In another scene, she again uses her blood, drawing an eye-like sigil on a flat surface, encircling it with berries and lichen and roughage from the forest. Lifting her left hand to her eye, her right hand covering the sigil, her sight travels – hovers – over where Izzy is walking along a path in the wilderness. She watches, she waits, she finds what she’s sensing.
An intruder.
And just like that, she’s there, standing between the intruder and her daughter. A lost hiker who just happens to have taken a picture of a found sigil, he answers her questions truthfully; not married, no children.
“OK.”
As she wields her power and raises him into the air, she draws blood from the levitating stranger’s hand, dipping her fingers into the warm, running liquid, touching the crimson heat to her tongue. Ecstasy washes over her as she sways, closing her eyes, right before vaporizing him to ash.
“The more fear pumping through the blood, the more power.”
In this story, it seems that the blood is directed by the intentions of the practitioner; the mother casts spells with the intention of protecting her daughter from their true legacy, while Izzy looks to embrace the darkness, the death – the Hellbender – within. So when Izzy dresses a stick with blood, it gravitates towards the earth, burying itself beneath the moss-laden soil.
It turned its back on heaven and “bent towards hell.”
Throughout history, blood has been demonized, mainly associated with sacrifice, ritual, and as a main ingredient in spellwork, as we see in both of these films.
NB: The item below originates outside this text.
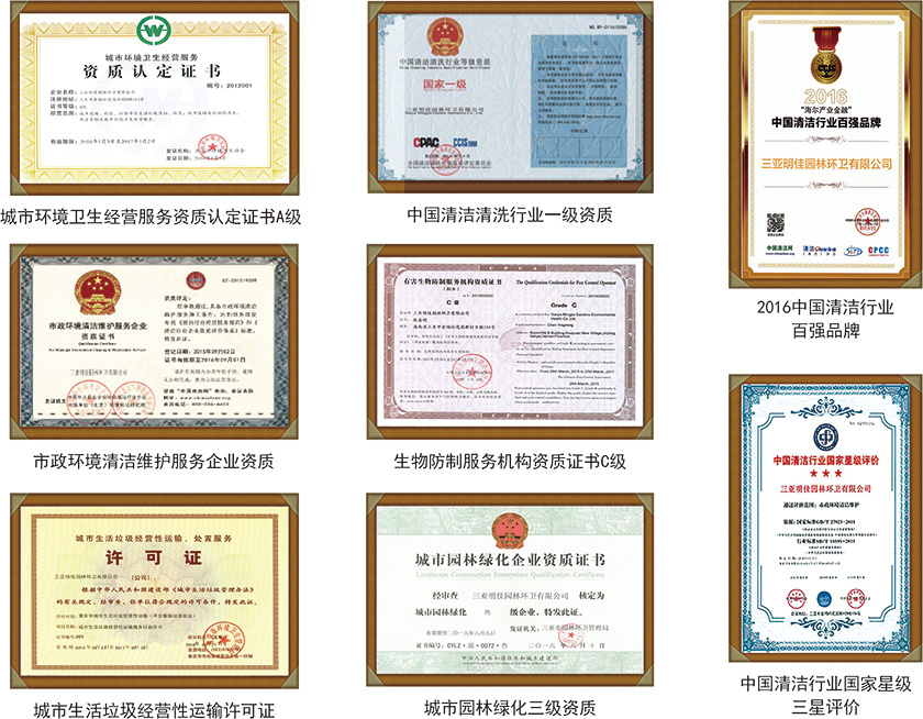 公司擁有建筑物外立面清潔養(yǎng)護(hù)施工甲級(jí)資質(zhì)、建筑物有害生物防治施工甲級(jí)資質(zhì)、建筑物日常清潔養(yǎng)護(hù)施工甲級(jí)資質(zhì)、中國(guó)清潔行業(yè)企業(yè)等級(jí)一級(jí)資質(zhì)證書、城市園林綠化企業(yè)資質(zhì)證書、有害生物防制服務(wù)機(jī)構(gòu)資質(zhì)證書C級(jí)、有害生物防制服務(wù)機(jī)構(gòu)C級(jí)資質(zhì)證書、中國(guó)清潔清洗行業(yè)國(guó)家一級(jí)等級(jí)資質(zhì)、城市生活垃圾經(jīng)營(yíng)性清掃、收集、運(yùn)營(yíng)許可證;城市生活垃圾經(jīng)營(yíng)性運(yùn)輸、處置工作許可證、環(huán)境管理體系認(rèn)證證書、城市環(huán)境衛(wèi)生經(jīng)營(yíng)服務(wù)資質(zhì)認(rèn)定證書(GB/T240012004/IOS14001:2004標(biāo)準(zhǔn))、職業(yè)健康安全管理體系認(rèn)證證書(GB/T28001—2011/OHSAS18001:2007標(biāo)準(zhǔn))、質(zhì)量管理體系認(rèn)證證書(GB/T19001—2008/iOS9001:2007標(biāo)準(zhǔn))、市政環(huán)境清潔維護(hù)服務(wù)企業(yè)資質(zhì)證書
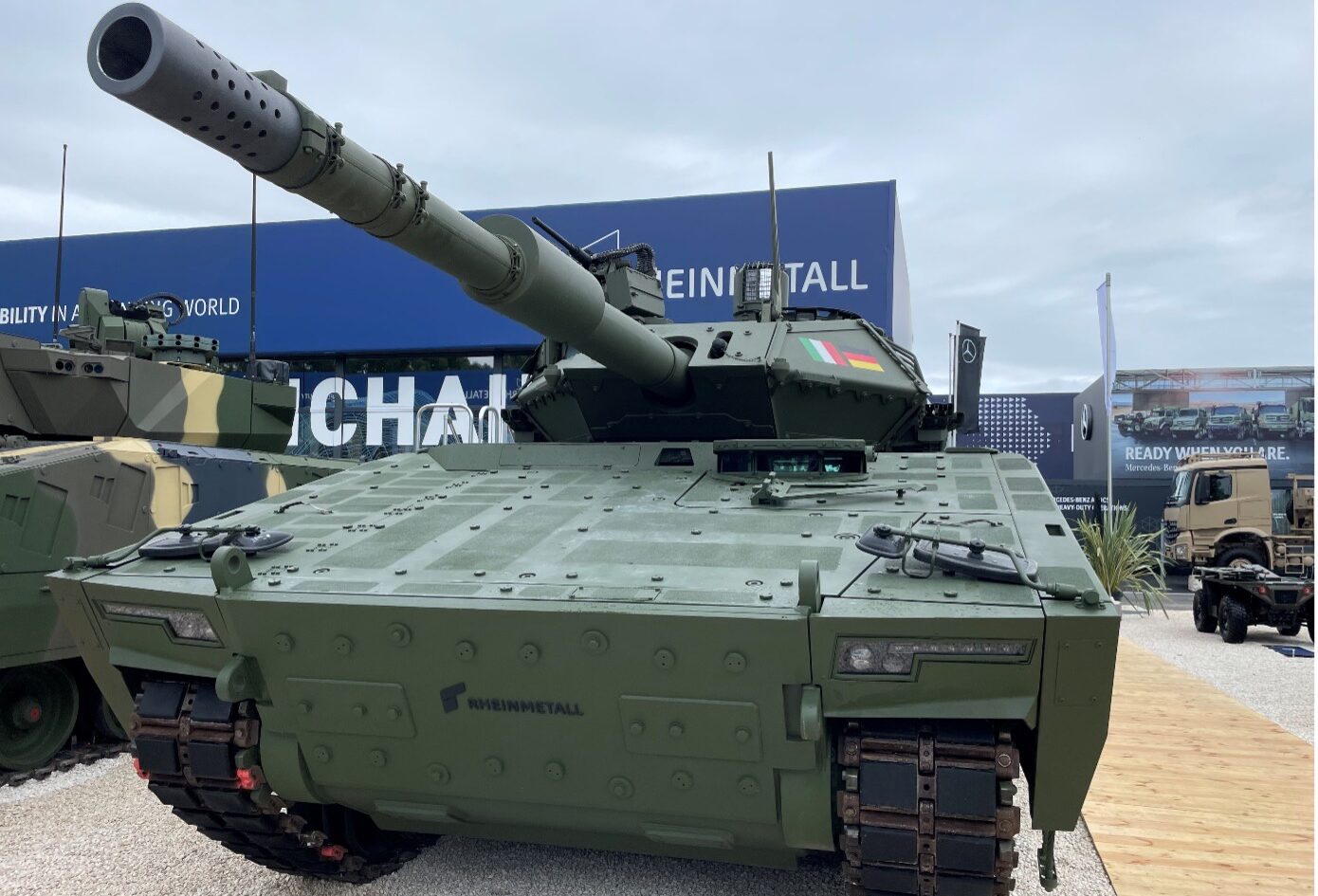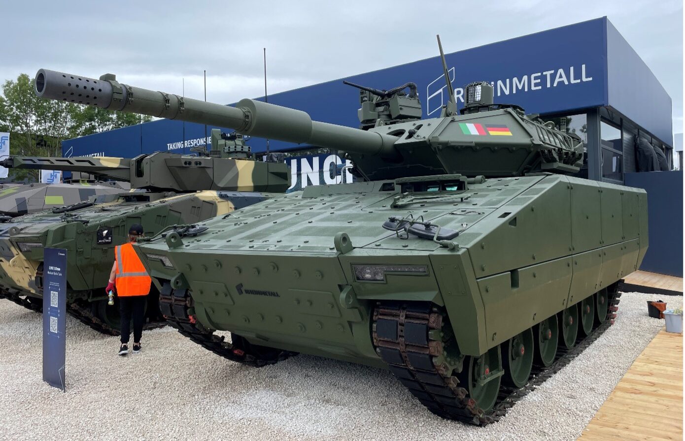 Besonders hervorzuheben ist allerdings das modulare Konzept, das auf einem gemeinsamen Fahrmodul und flexibler Missionsausstattung basiert. Dies ermöglicht die Umrüstung des Basisfahrzeuges in verschiedene Konfigurationen wie Schützenpanzer, Flugabwehrsystem, Führungsfahrzeuge oder auch Sanitätsfahrzeuge während der gesamten Nutzungsphase. Oder wie in Paris gezeigt eben als Feuerunterstützungsfahrzeug bzw. leichtem Kampfpanzer mit einer 120 mm Bewaffnung.

It is both feared and revered, both necessary and vile. It could be said it embodies the paradox of the Witch herself – cast out, cursed, exiled…except for when a cure is needed, or a spell, or a prediction. After her services are complete, she is once again the outcast. The haggard wretch. The evil soul lurking deep within the blackened wood, always hungry for the flesh and blood of children. Of the innocent.
Of the pure.
Within both of these films lies themes of fear, of isolation, of danger in the ‘other’ – those who have the power to wield otherworldly magic or forces to be used against humanity. Those who would be forced to deny themselves, their truth, their essence, in favor of the status quo. In favor of the idea of ‘safety.’ But what if we didn’t fear those who dwell on the outskirts of society? Those we’ve been systematically taught to revile, to shun, to hunt? What if we chose to see them, to meet them, to engage with them – to know them? What if, instead of seeing those who are different from us as a perceived threat, we saw each individual for what they truly are – people. We are all dynamic, composed of myriad opposites and our own personal indwelling magic and power. We are all composed of blood, and all of the power and magic within it. Because make no mistake – there is power in blood. And it is up to each and everyone one of us to wield that power with the utmost diligence, the utmost respect, and the utmost regard for the world within which we all have the deep, deep honoring and privilege of living.